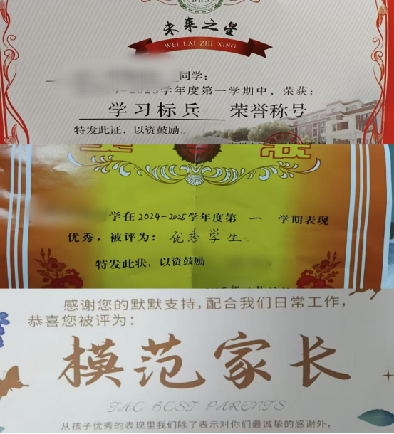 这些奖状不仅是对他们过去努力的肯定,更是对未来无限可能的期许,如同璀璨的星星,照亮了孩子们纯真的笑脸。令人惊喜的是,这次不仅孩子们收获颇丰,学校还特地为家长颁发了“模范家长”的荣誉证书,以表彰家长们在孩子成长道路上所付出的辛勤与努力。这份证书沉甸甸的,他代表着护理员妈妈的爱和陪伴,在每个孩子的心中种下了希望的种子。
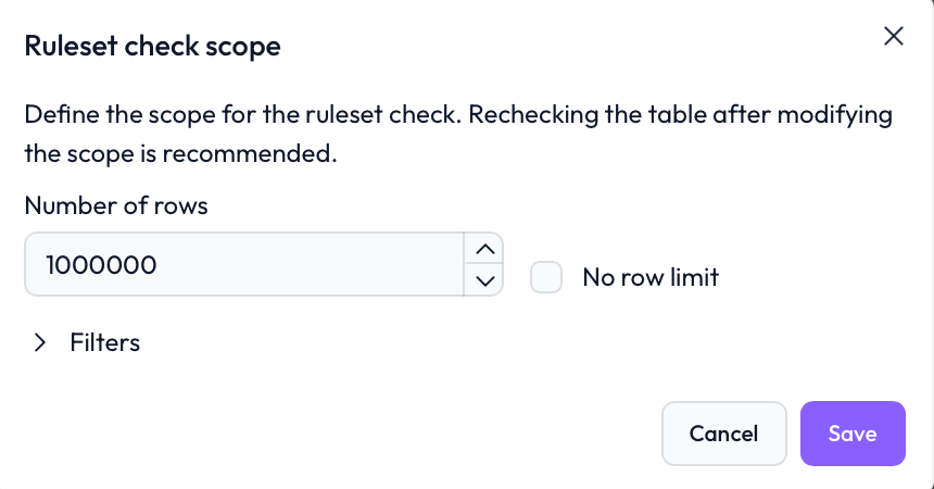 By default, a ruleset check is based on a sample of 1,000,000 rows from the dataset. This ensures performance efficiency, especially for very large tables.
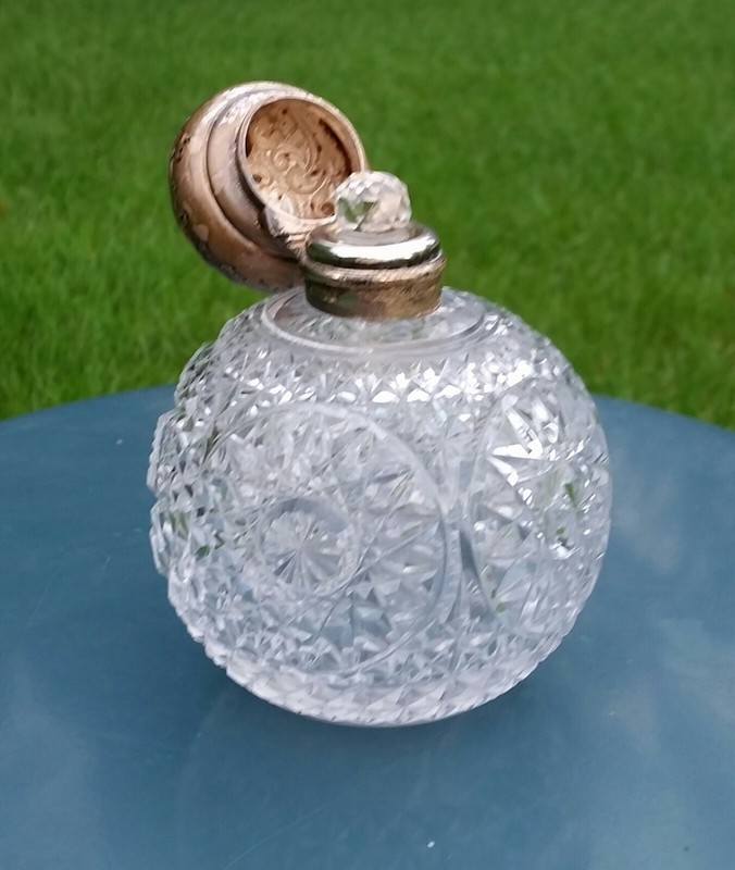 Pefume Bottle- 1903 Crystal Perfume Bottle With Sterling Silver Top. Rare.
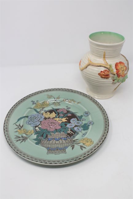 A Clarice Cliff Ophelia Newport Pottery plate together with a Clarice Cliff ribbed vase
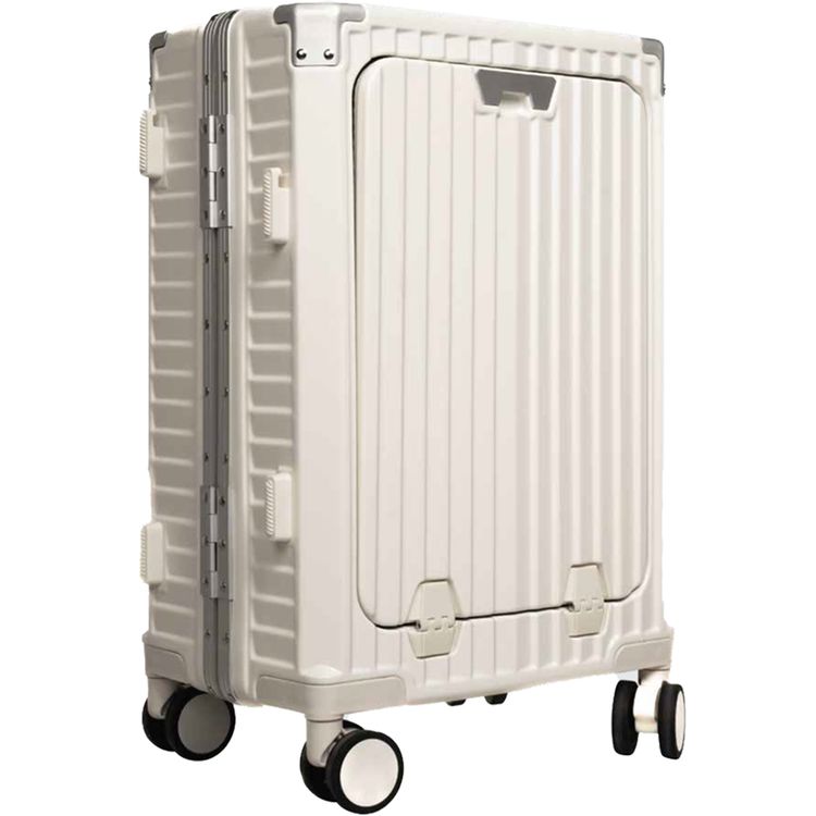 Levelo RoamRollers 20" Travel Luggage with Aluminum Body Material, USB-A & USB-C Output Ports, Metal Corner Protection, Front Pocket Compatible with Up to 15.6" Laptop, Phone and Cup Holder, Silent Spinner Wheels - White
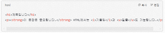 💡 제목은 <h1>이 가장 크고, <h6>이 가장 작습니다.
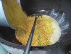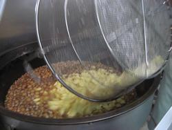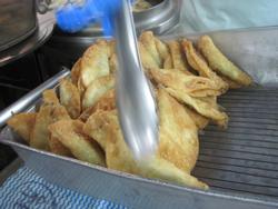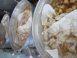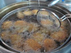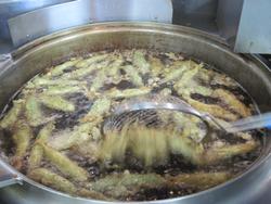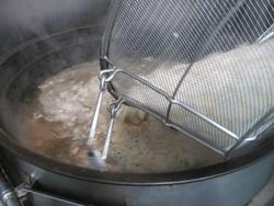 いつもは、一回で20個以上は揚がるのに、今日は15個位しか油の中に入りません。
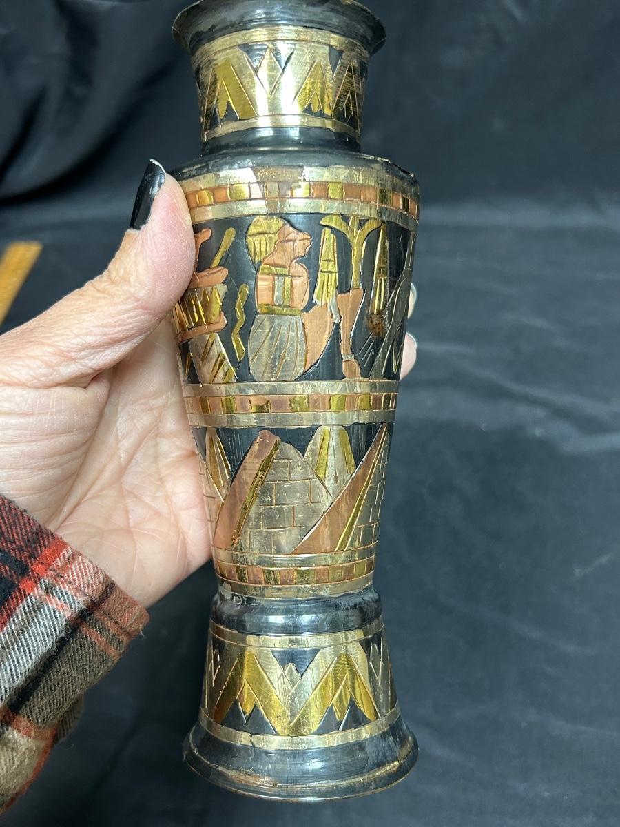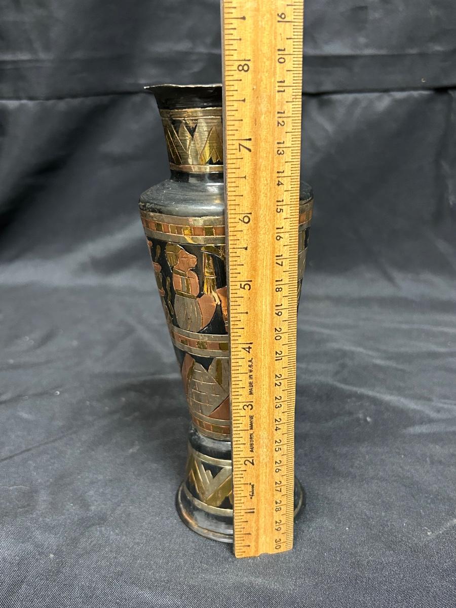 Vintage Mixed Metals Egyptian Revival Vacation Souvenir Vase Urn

_EXERCISE:_ Print all the entries again exactly as written, but without the pictures.

_RESULT OF THIS EXERCISE:_
 这些奖状不仅是对他们过去努力的肯定,更是对未来无限可能的期许,如同璀璨的星星,照亮了孩子们纯真的笑脸。令人惊喜的是,这次不仅孩子们收获颇丰,学校还特地为家长颁发了“模范家长”的荣誉证书,以表彰家长们在孩子成长道路上所付出的辛勤与努力。这份证书沉甸甸的,他代表着护理员妈妈的爱和陪伴,在每个孩子的心中种下了希望的种子。
 By default, a ruleset check is based on a sample of 1,000,000 rows from the dataset. This ensures performance efficiency, especially for very large tables.
 Pefume Bottle- 1903 Crystal Perfume Bottle With Sterling Silver Top. Rare.
 A Clarice Cliff Ophelia Newport Pottery plate together with a Clarice Cliff ribbed vase
 Levelo RoamRollers 20" Travel Luggage with Aluminum Body Material, USB-A & USB-C Output Ports, Metal Corner Protection, Front Pocket Compatible with Up to 15.6" Laptop, Phone and Cup Holder, Silent Spinner Wheels - White
 💡 제목은 <h1>이 가장 크고, <h6>이 가장 작습니다.
 いつもは、一回で20個以上は揚がるのに、今日は15個位しか油の中に入りません。
 Vintage Mixed Metals Egyptian Revival Vacation Souvenir Vase Urn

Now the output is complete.